Il direttore e due redattori del settimanale "Visto" sono stati condannati dalla Corte d'Appello di Milano alla pena di tre mesi di reclusione e di lire trecentomila di multa per avere, in concorso tra loro e con un pubblico ufficiale non identificato, realizzato e pubblicato un servizio dedicato alla morte per omicidio della contessa Alberica Filo della Torre, avvenuta nel luglio 1991, corredandolo con tre fotografie a colori raffiguranti il cadavere della vittima così come era stato rinvenuto nell'immediatezza del delitto, con particolari impressionanti e raccapriccianti delle tracce lasciate sul corpo nudo e sugli indumenti e delle modalità di esecuzione del crimine. La condanna è stata pronunciata in base all'art. 15 della legge 8 febbraio 1948 n. 47 che punisce con la pena della reclusione da tre mesi a tre anni e con la multa non inferiore a lire duecentomila la pubblicazione di "stampati i quali descrivano o illustrino, con particolari impressionanti o raccapriccianti, avvenimenti realmente verificatisi o anche soltanto immaginari in modo da poter turbare il comune sentimento della morale o l'ordine familiare o da poter provocare il diffondersi di suicidi o delitti".

I giudici di appello hanno ritenuto che il normale esercizio del diritto di cronaca non giustificasse la pubblicazione delle immagini, considerato anche il "carattere insistito e quasi martellato dell'intero articolo, foto più testi".

La Suprema Corte (Sezione Terza Penale n. 23356 dell'8 giugno 2001, Pres. Malinconico, Rel. Postiglione) ha rigettato il ricorso degli imputati, richiamando la sentenza della Corte Costituzionale n. 293 del 2000 che ha ritenuto non fondata la questione di legittimità dell'art. 15 della legge n. 47 del 1948.

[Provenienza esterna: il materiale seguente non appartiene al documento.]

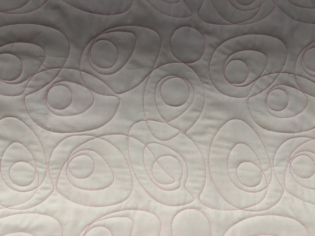 Ms. Pac-Man is a jubilant quilt bursting with charm, where playful geometry and whimsical patterning come together in joyful harmony. The top features a rich medley of warm golds, retro pinks, earthy browns, and airy blues, with prints that range from delicate florals to bold novelty motifs, giving each row a unique rhythm. In contrast, the quilting pattern—stitched in sweet Candy Pink thread—adds a fluid and modern energy, looping in the distinctive “Avocado” design with concentric ovals that soften the angularity of the piecing. The thread’s gentle sheen and unexpected path create delightful moments where it dances over birds, stars, and blossoms. This quilt radiates personality and heart—an absolute treasure of thoughtful design and confident execution.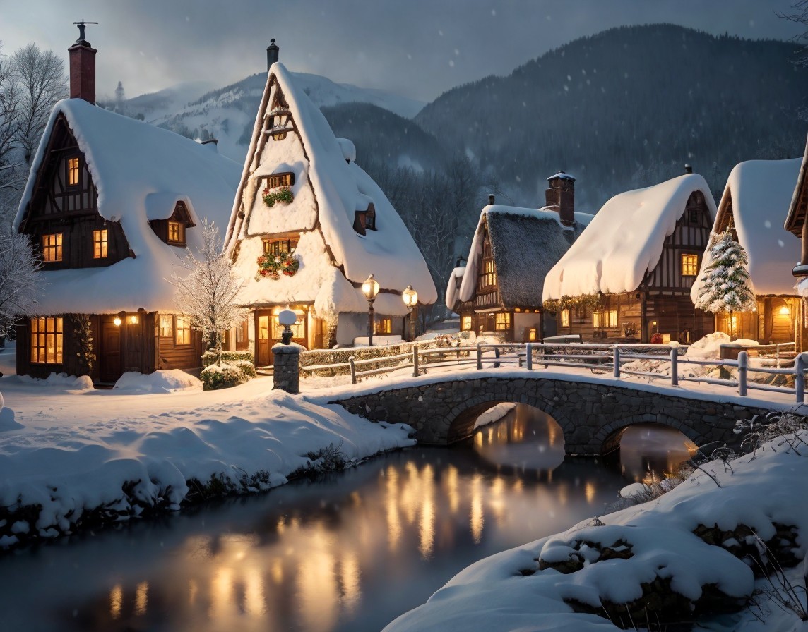 Edmond's Field, Windspring Inn and houses are covered in Snow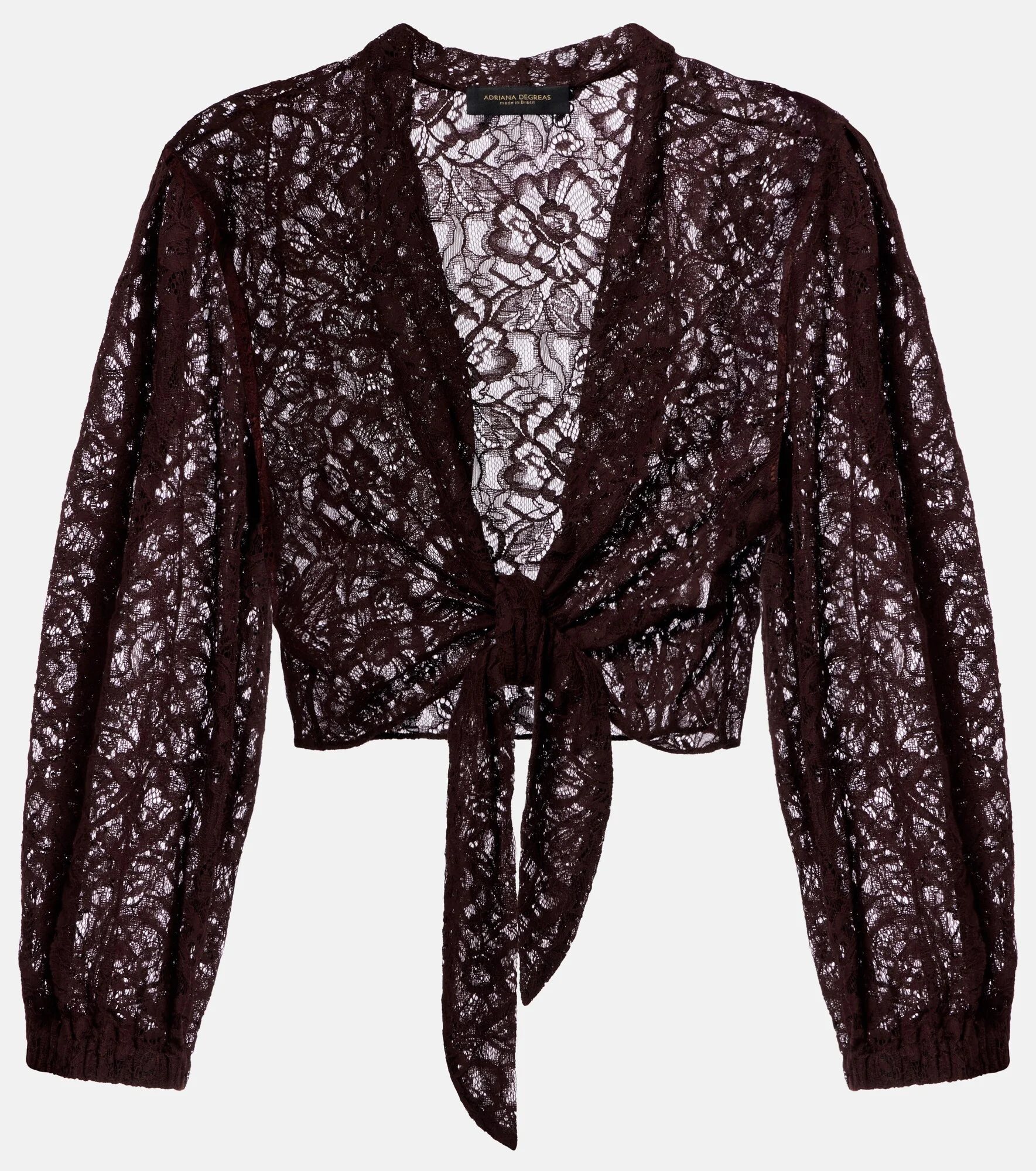 Blending Brazilian glamour with effortless elegance, Adriana Degreas creates statement-making designs. This crop top features is made from floral cotton-blend lace and boasts three-quarter sleeves and a charming self-tie front. Product Details - Material: 53% cotton, 47% polyamide - Care instructions: dry clean - Made in Brazil - Color: brown - Designer color name: Brown - Item number: P01169177 Size & Fit - True to size - Semi-sheer - Loose fit, drawstring waist - Non-stretchy fabric - Slightly cropped - Height of model is 175cm-69" and wears a size S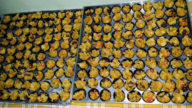 Bakar dalam oven yg telah dipanaskan suhu 170'C selama 8-10 minit.Sejukkan dan simpan dalam bekas kedap udara.
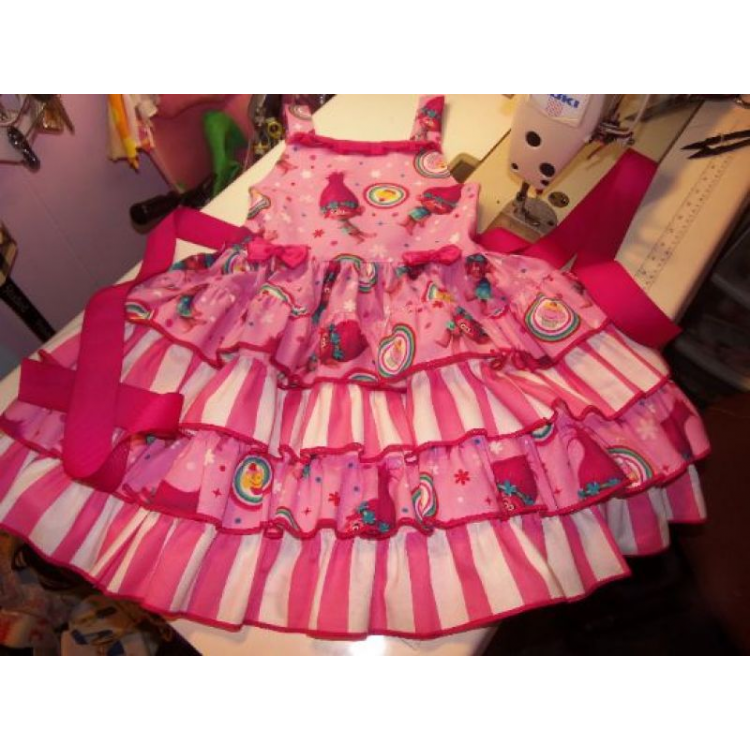 Tags: vintage, fabric, Poppy Troll, Smile Doll, Ruffle Dress, Size 5t/6, Ready to ship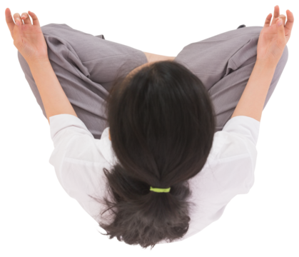 A monk in an orange robe meditates crosslegged, isolated on a transparent background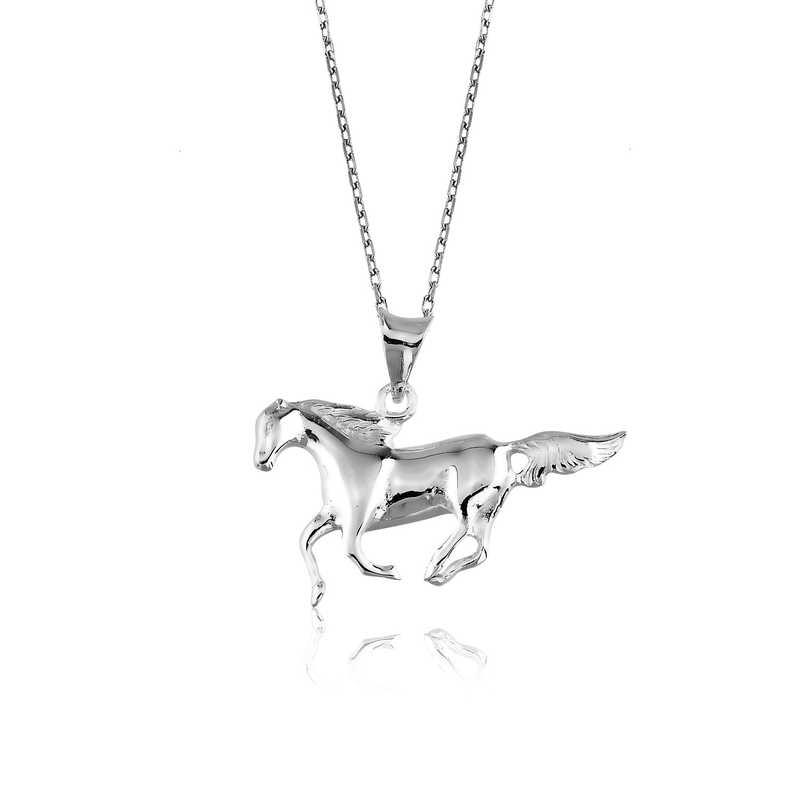 Türk kültüründe atların yeri son derecede önemlidir, atlar güç ve özgürlüğü simgeler. Özel tasarım koşan at kolye boynunuzdan çıkarmak istemeyeceğiniz kolyelerden biri olacaktır. 925 ayar gümüşten imal edilmiş bu özel tasarım kolyeyi sevdiğiniz ve değer verdiğiniz kişilere gücün ve özgürlüğün sembolü olarak hediye edebilirsiniz. Gümüş koşan at kolye üzerine oksit kaplama yapılmıştır. Oksit kaplama yapılan gümüş kolye modelleri parlaklığını uzun süre muhafaza eder. Tüm gümüş kolye modellerinde olduğu gibi gümüş koşan at kolye modeli de el emeği ile üretilmiştir. Gümüş ve değerli taşlar nedeniyle belirtilen ortalama ürün ağırlığında ± %10 sapma olabilmektedir.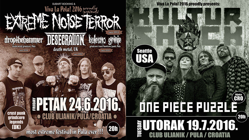 Po prvi puta na ovim prostorima, u petak, 24.6. nastupiti će najpoznatiji svjetski crust punk grindcore bend – EXTREME NOISE TERROR iz Velike Britanije. Uz Napalm Death rodonačelnici zvuka koji je otišao do nemogućih izvedbenih granica, i čijim vizionarskim pothvatima, hard core i metal glazba sredinom osamdesetih su dobili toliko snažan vjetar u leđa da su pokrenuli čitavu revoluciju, koja traje i dan danas i rezultirala je nastankom stotine bendova. EXTREME NOISE TERROR su osnovani 1985. i do dan danas nesmiljeno razaraju svjetskim pozornicama a isto tako i u diskografskom smislu. Vokalist Dean Jones, konstanta benda od samog početka, predstavlja ikonu scene i prema mišljenju mnogih jedan je od najkarizmatičnijih frontmena u svijetu žestoke glazbe ikada. Da ne zaboravimo, uz mega dojmljive nastupe i do kranjih granica odveden glazbeni izričaj, EXTREME NOISE TERROR su uvijek uvelike računa polagali ideološkoj strani, progovarajući o svim boljkama suvremenog društva i svemu onome što društvo čini lošim. Na premijernom nastupu u Puli predstaviti će stvari s prošlogodišnje istoimenog studijskog albuma, a za sve fanove otprašitit će i sve legendarne numere iz dosadašnjeg vremena, između ostalog stvari „Murder“, „Raping The Earth“, „Bullshit Propaganda“, „Show Us You Care“ i dr. Već sada svi su se složili, da je nastup grupe EXTREME NOISE TERROR, nešto što je Pula već duže vrijeme iščekivala.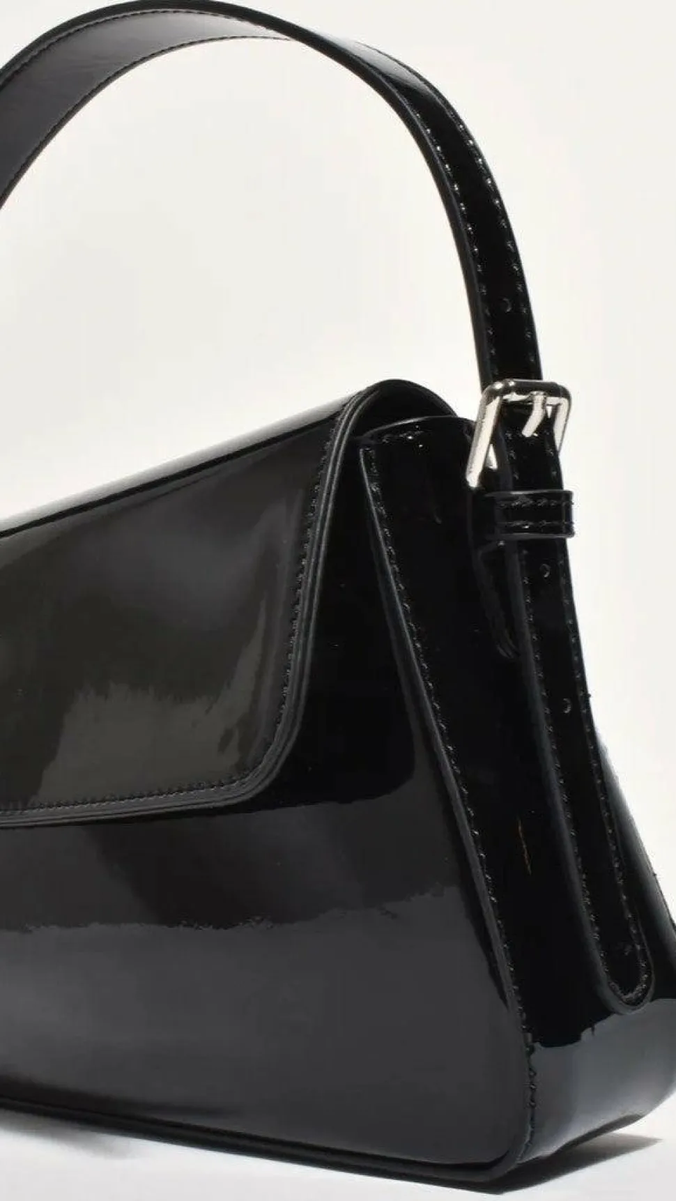 The Maisie High Shine Handbag offers a sleek, sophisticated look with itspatent black exterior that will elevate your wardrobe. Perfect for day-to-night style, this handbag boasts ample storage and a stylish design.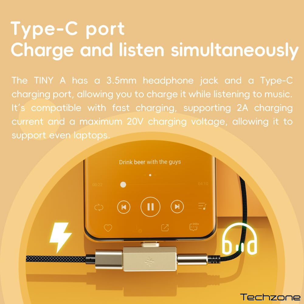 Tiny A оснащен 3,5 мм выходом для наушников + разъемом USB-C для зарядки/питания.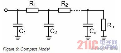 結構函數可以進一步轉變成簡化模型,也就是一個包含熱阻熱容的等效網絡,它包含了結構函數圖形中所包含的所有數值。圖6描述了類似功率LED等半導體元件的一個通用模型。當然,實際的模型中R和C會有具體的數值。

L'esercizio del diritto di cronaca - ha affermato la Cassazione - pur pienamente legittimo in una società democratica ed aperta, deve salvaguardare come valori fondamentali il comune sentimento della morale e la dignità umana tutelate dall'art. 2 della Costituzione. I giudici di appello - ha osservato la Suprema Corte - hanno correttamente motivato la loro decisione rilevando che le immagini della vittima dell'omicidio "sono tali da destare impressione e raccapriccio nell'osservatore di normale emotività, improntata ad impulsi di solidarietà umana, pietà per la defunta, rispetto per la sua spoglia, repulsione istintiva verso le ferite efferatamente impresse, salvaguardia della dignità della persona già uccisa in quel modo ed ulteriormente oltraggiata dalla pubblica ostensione del suo corpo, naturale esigenza di riservatezza verso l'intimità fisica personale rinforzata dalla condizione mortale del soggetto".